Journal of Neuroimmunology, Vol. 129 (1-2) (2002) pp. 1-9
K. Schaecher 1 , A. Rocchini, J. Dinkins, D.D. Matzelle and N.L. Banik
Department of Neurology, Medical University of South Carolina (MUSC), Box 250606, Suite 307, 96 Jonathan Lucas Street, Charleston, SC 29425, USA
Calpain activity and expression at the protein level were examined in inflammatory cells, activated microglia, and astrocytes prior to or at onset of symptomatic experimental allergic encephalomyelitis (EAE), an animal model for the human demyelinating disease multiple sclerosis (MS).
EAE was induced in Lewis rats by injection of guinea pig spinal cord homogenate and myelin basic protein (MBP) emulsified with Complete Freund's Adjuvant (CFA).
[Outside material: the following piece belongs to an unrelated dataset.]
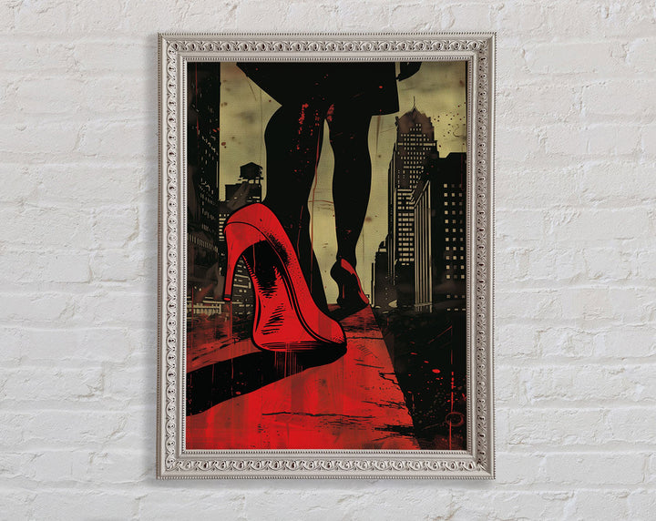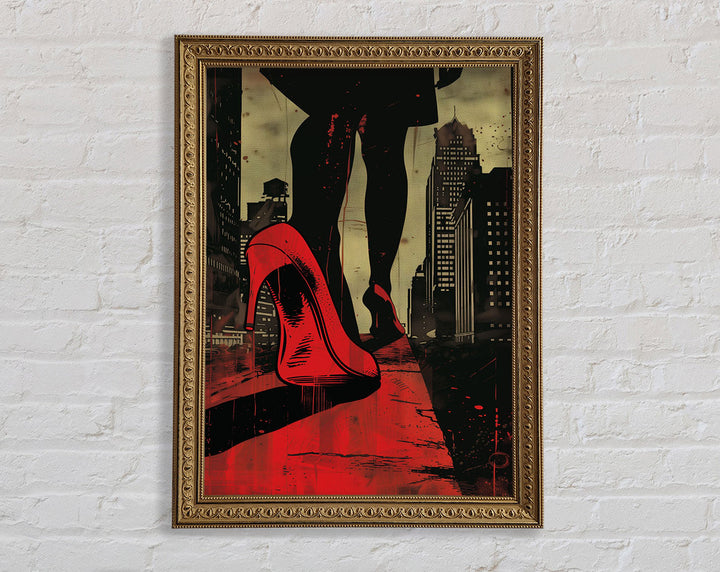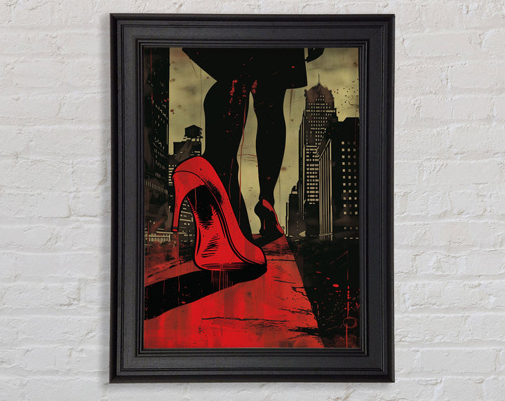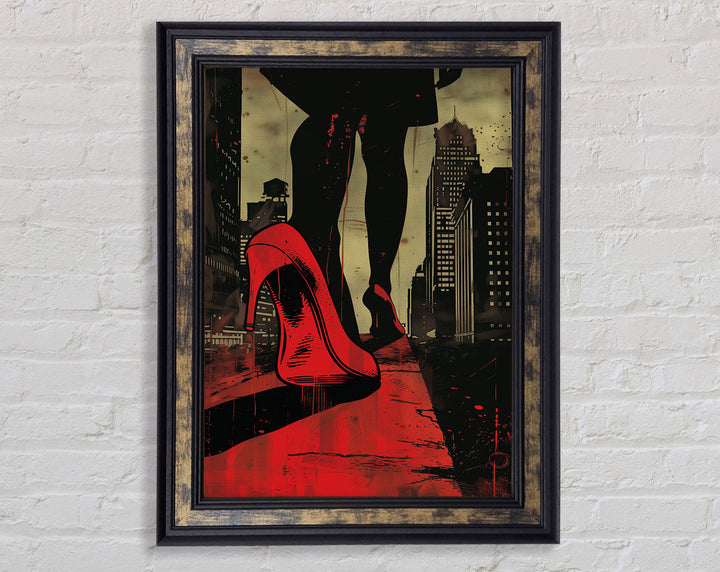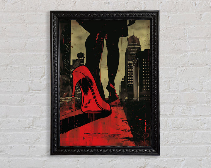 Introducing the "Red Heels In A Dark City" framed print, a stunning piece of framed art that adds a touch of elegance to any room. This captivating artwork features a pair of striking red heels set against a moody urban backdrop, creating a perfect blend of boldness and mystery. Available in six sizes, from small to oversized, you can find the perfect fit for your space. With a variety of frame colours to choose from, this handmade piece complements any décor. Ready to hang, it offers an effortless way to elevate your home or office. Each print is meticulously crafted in the United Kingdom, ensuring top-notch quality and attention to detail. Make a statement with this beautiful framed art today!

Calpain translational expression, determined by Western blot and immunocytochemistry, was correlated with calpain activity, infiltration of inflammatory cells, and myelin loss at 2-11 days following challenge with antigen.
Controls (CFA only) did not show any changes over time in these parameters and very few changes (CD11+ microglia/mononuclear phagocytes) were seen in either group from days 2 to 8 post-induction.
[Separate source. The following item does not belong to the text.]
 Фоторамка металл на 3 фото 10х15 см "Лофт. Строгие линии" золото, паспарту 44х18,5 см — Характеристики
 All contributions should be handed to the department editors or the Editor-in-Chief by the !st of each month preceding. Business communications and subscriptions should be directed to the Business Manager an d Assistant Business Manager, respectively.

In contrast, from days 9 to 11, the animals that developed the disease (at least grade 1) demonstrated extensive cellular infiltration (CD4+, CD25+, and CD11+) as well as increased calpain expression (content) and activity.
This study demonstrates that cell infiltration and increased calpain activity do not begin in the CNS until the onset of clinical signs.
© 2002 Published by Elsevier Science B.V.